◇【弐ノ弐】生け贄 ◇
みよをここに連れてくる前。
そう、みよが正に〝生け贄〟として捧げられようとしていた瞬間のことだ。
誉は身投げ崖と呼ばれる名所にいた。
その崖の下、川辺には大人ばかり集まっており、先頭には祭司のような出で立ちの者と子供一人分の唐櫃を運ぶ男衆。

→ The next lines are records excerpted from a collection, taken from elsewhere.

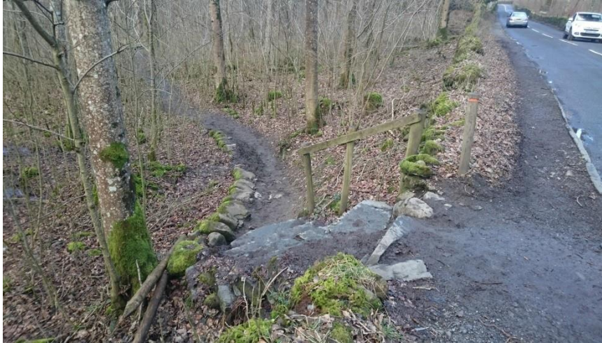
Steps and path to Derwent Water

You can also join a waymarked trail which takes you along the lakeshore to Calf Close Bay where you can see the Hundred Year Stone. (Not wheelchair accessible)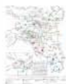
Map of ATTICA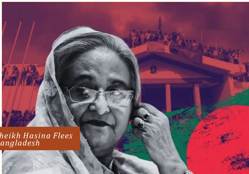
Sheikh Hasina Flees Bangladesh

Ms Hasina's allies said she would not return to the country's politics.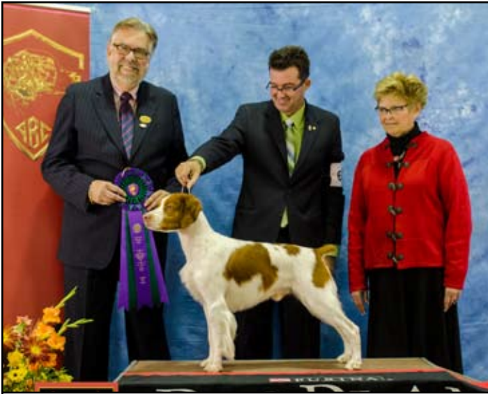
Award of Merit MARSPORT HOT TO RIDE LUCY SEVEN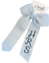
Light Blue HRS Bow $15.00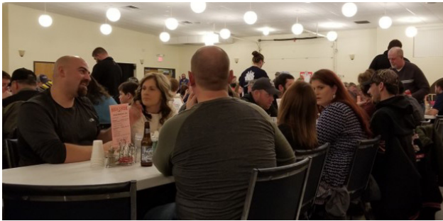
The Legion Hall was packed!

それらを見守る村人の誰かが「可哀想に」と言い、誰かが「仕方ない」と言った。
彼らの視線の先にはやはり、今まさにその場に置かれた唐櫃がある。
その中に〝みよ〟がいる。
誉はそれを知っていた。何しろ彼は神なのだ。
なんならみよが生まれた瞬間。いやその両親の馴れ初めまで知っている。
崖の上からひそかにその光景を目に止めて、この場をどう納めたものかと頭を悩ます。
「直接彼らの前に姿を現し、僕に雨を降らせる力が無いことを伝えるか。いやそうしたとして誰が信じるというのか」
しかしどうにかして止めねばならなかった。このような事はどう考えても人の道理に反する。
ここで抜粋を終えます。